Она уже приезжала сюда с Райнером, но перестук смолк: эта музыка в семидесятых и андеграунд, и подземка – конечно, можно над этим смеяться – были тогда со своим полумраком скорее явлениями небесными, чем земными, – ведь говорят же «воздушное метро», разве нет? «Вельветовый андеграунд», грохот листового железа и церковный орган вдохновили Вацлава Гавела на «бархатную» чешскую революцию – он столько раз об этом вспоминал. Лу Рид пела тогда «Walk on the Wild Side»[125]и «I'll be your mirror»:[126]они с Райнером тоже немного походили по опасной стороне жизни, тогда они были зеркалом один другого, это вселяло мужество.

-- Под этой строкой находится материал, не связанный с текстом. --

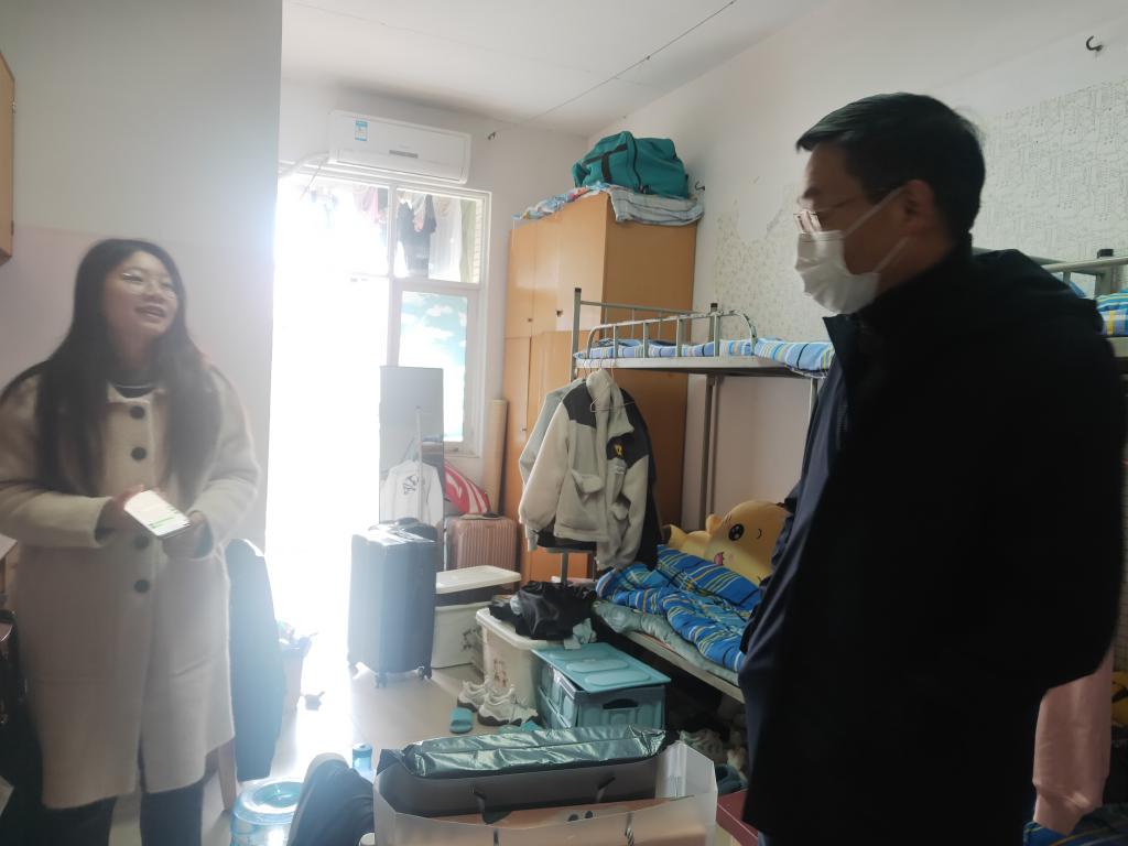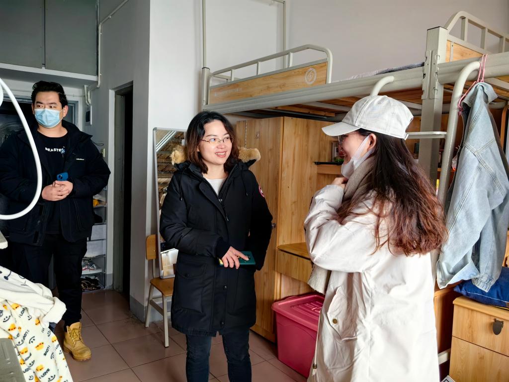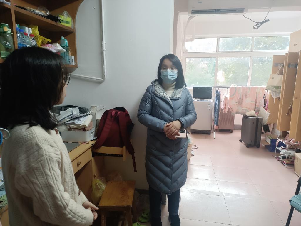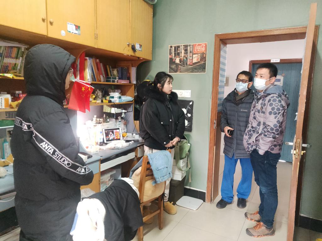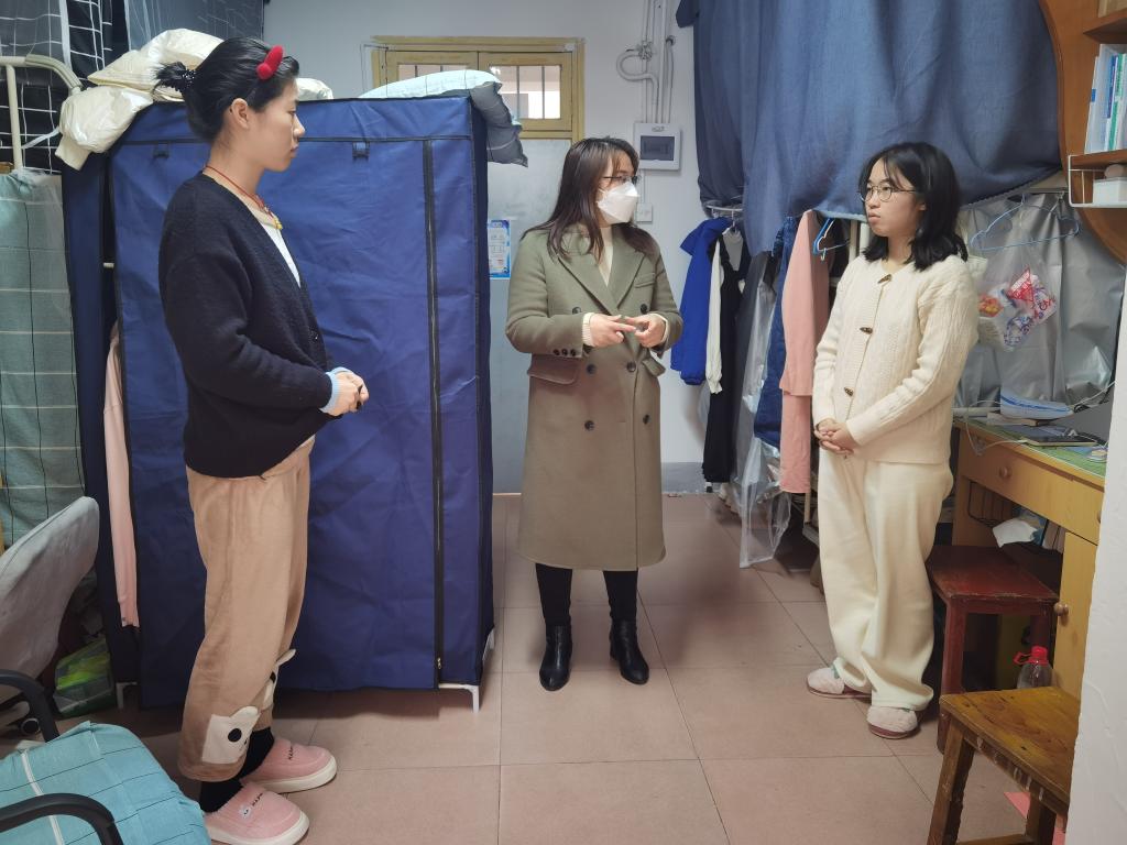 走访过程中,老师们亲切地对同学们进行了慰问,向学生们普及疫情防控知识,叮嘱同学们严格遵守疫情防控期间学校的各项管理规定,做好个人防护,保持良好宿舍卫生。老师们亲切地向同学们询问目前学习、生活的情况,向同学们转达了学院对大家的关心与问候。希望同学们能继续做好科学防护,增强卫生健康意识,适量运动、规律作息,注重个人和寝室卫生。

В витринах, на искусственном мраморе навесов над входом в магазины, были кое-где укреплены большие ели – вечные рождественские украшения, которые и в январе еще стояли на своем посту: рапсодия гирлянд, золотые шары, миниатюрные короны из остролиста, каскадное мерцание крохотных лампочек, как серебренные электрические рекламные локоны – хрупкая сетка из фосфоресцирующего сахара. Но так же как в музыкальной партитуре новая тема заявляет о себе сначала коротким лейтмотивом, аккордом, четырьмя-пятью нотами, так появилась где-то на еловой ветке в середине красная лента, обшитая галуном, – разве раньше на празднике она была или закралась незаметно, не лишняя ли? Но вот мотив возвращается, надо только пройти чуть дальше: та же лента перед меховым магазином «Сакс», как немного траурные знаки препинания среди нарядного хлама, потом мелодия уже начинает звучать всерьез, как главная тема, она заполняет все: маленькие кроваво-красные бабочки, выпорхнувшие из бутоньерок, решили присесть на ветках ели на фронтоне собора Святого Патрика, на елки, стоящие на паперти, и на те, что сбились в круг рядом с тяжелыми распахнутыми вратами собора, откуда доносится звучание органа – началась поминальная месса.